В окружении. Страшное лето 1941 го - Зубков Борис Васильевич 12 стр.


Так я сам себя определил в пехоту, а посему был, с точки зрения десантного командования, обязан заниматься караулами, разводами, построениями, ночными поверками часовых – словом, всей пехотной суетой. Мне это было привычно, караульную службу я знал, а об уставах и говорить не приходится. Впрочем, о них никто и не вспоминал. Полк только приступал к формировке на основе чудом выживших из боевого сброса десантников, которым пока еще было не до того, чтобы заниматься поступавшим пополнением. Они еще переживали чудо собственного спасения, горячку скоротечных боев и гибель товарищей. Я их понимал, выполнял всю повседневную рутинную текучку строевой жизни, но как же я им завидовал! И как мечтал попасть в их окружение на любые роли. Даже на роль "выпить подано". Мечты были почти безгрешными: я просто хотел послушать их рассказы, еще не понимая, что десантники, побывавшие в боевых сбросах, больше всего на свете не любят рассказов о том, что с ними случалось по ту сторону фронта.

* * *

До десантников на этом месте формировался мотострелковый полк, оставивший нам свои запломбированные гаражи. Поскольку они были запечатаны, мы караулов к ним и не выставляли, но я все же спросил угнетенного неразберихой капитана-интенданта, что там хранится. Он сказал, что на баланс 8-го воздушно-десантного полка никто этих гаражей не передавал, а потому мы за них и не несем никакой ответственности. Тогда я, недолго думая, сорвал пломбы и проник в гараж.

В гараже стояли законсервированные грузовые трехосные машины ГАЗ. А на носу была зима, и я посмотрел, чем же они заправлены, и если водой, то самое время ее слить.

Машины были заправлены антифризом. Я осторожно попробовал его и не ошибся. Это был наш антифриз, которым мы заливали машины, начиная с Финской войны. Вода, спирт и сколько-то там глицерина. И это был пропуск в десантное общество, потому что они к тому времени уже выпили все, что было. Я разыскал добрую четвертную бутыль, наполнил ее антифризом и, выпросив на кухне луковицу, явился в штаб.

Там царило уныние.

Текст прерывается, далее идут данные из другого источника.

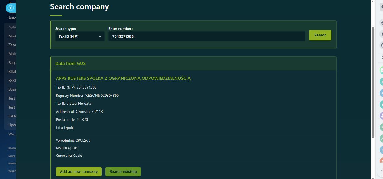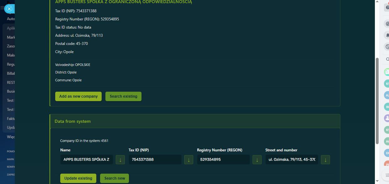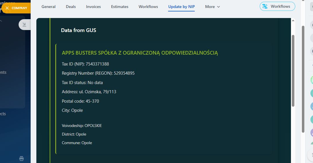 Update Bitrix24 company records using the latest GUS data with a single click.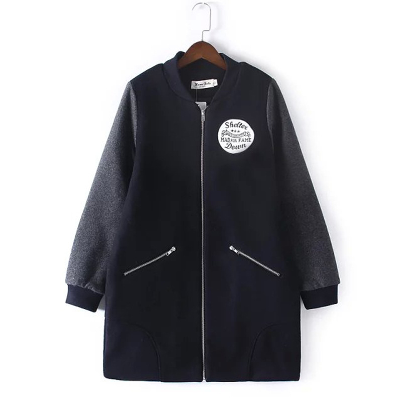 中長款外套棒球服女 韓版寬松拼色時尚加厚棒球服批發 女式外套潮 /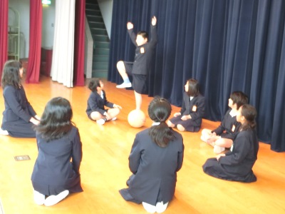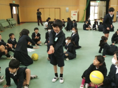 なかよし班で円になり、鈴がなっている間はボールを回し、シンバルがなったらボールを止めます。ボールを最後に持った人が、モノマネをします。お題は、「アヒル、8.6秒バズーガー、クマムシ、ゴリラ」などでした。今年度のなかよし班の活動もこれが最後です。少し寂しい気持ちになるところを、おもしろい表現をして、班のみんなを笑わせている児童もいました。4月になれば新しい班編成になります。

Дела не было, выпивки тоже.

– Чего тебе? – со вздохом спросил гвардии майор Царский. Я молча поставил на захламленный стол полную четверть.

– Это что?

– Антифриз.

– Отравить хочешь?

– Угостить хочу. – Я плеснул в стоявшую на столе кружку. – Только запить надо.

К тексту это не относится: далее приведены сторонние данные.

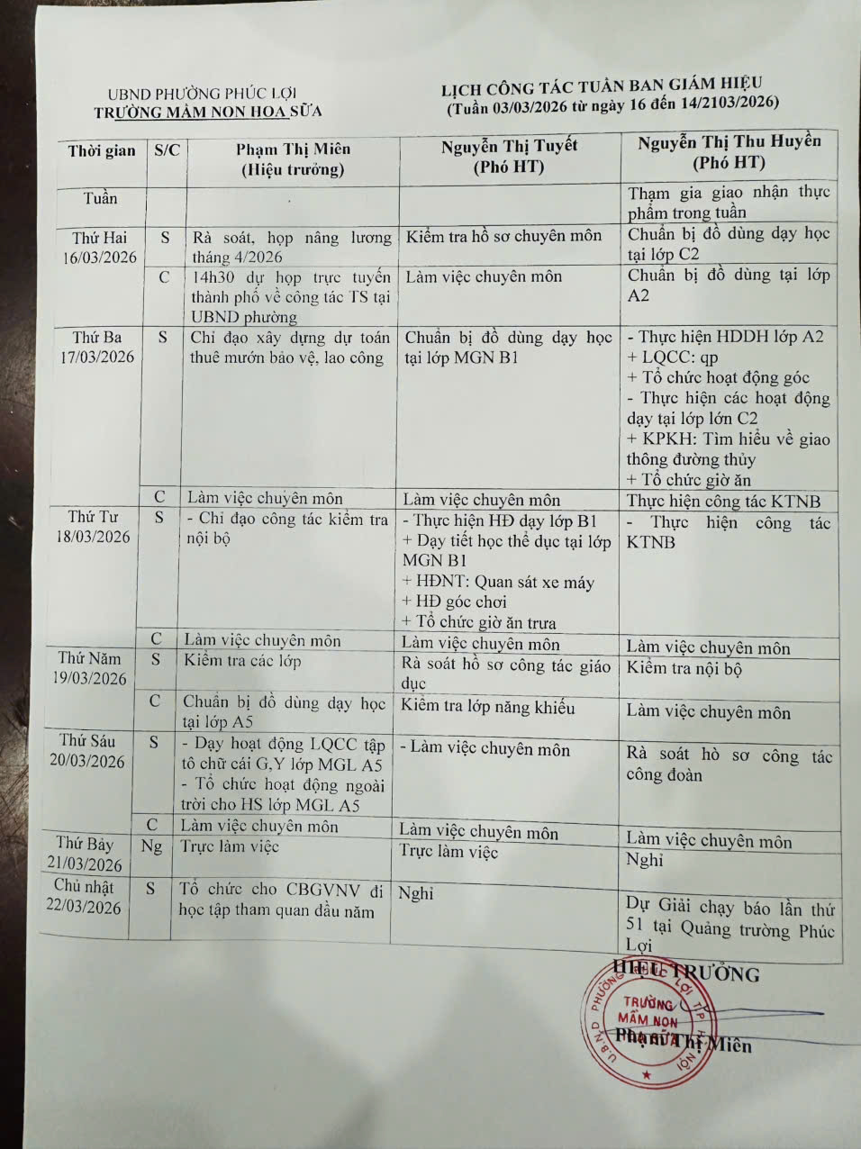 Lịch BGH tuần 3 tháng 3 năm 2026.

Господа офицеры мне тут же наполнили вторую кружку. Я неторопливо выпил антифриз и, не вдыхая, запил его водой.

– Что-то в нем есть от десантника, – объявил майор Царский, и все стали двигать ко мне кружки и стаканы. Но когда я налил в стакан, опять их пронзило некоторое недоверие. Оно основывалось на том, что сквозь грязь и муть стекла все же просвечивала синева напитка.

– Денатурат, – пояснил я. – Есть простой способ осветления.

И положил в стакан очищенную луковицу. Напиток стал светлеть, а луковица – наливаться густой синевой. И я был принят в заветный круг полковой элиты.

Нет, нет, я не приобрел никаких льгот, по-прежнему разводя и проверяя караулы. Но я был допущен в их общество, а когда они узнали, что я – окруженец сорок первого, то этот допуск утратил спиртовой дух навсегда.

Правда, одну льготу я все же получил. Мне выдали очень хороший комбинезон. Не меховой, разумеется, а ватный, но он мне очень пригодился, когда начались прыжки.

Начались они, как только стали прибывать кандидаты в десантники, а это случилось быстро. Нас сразу же освободили от всех караульных и прочих строевых обязанностей, и мы в еще не по штатам укомплектованном составе приступили к ежедневной и весьма жесткой программе подготовки завтрашней воздушной пехоты.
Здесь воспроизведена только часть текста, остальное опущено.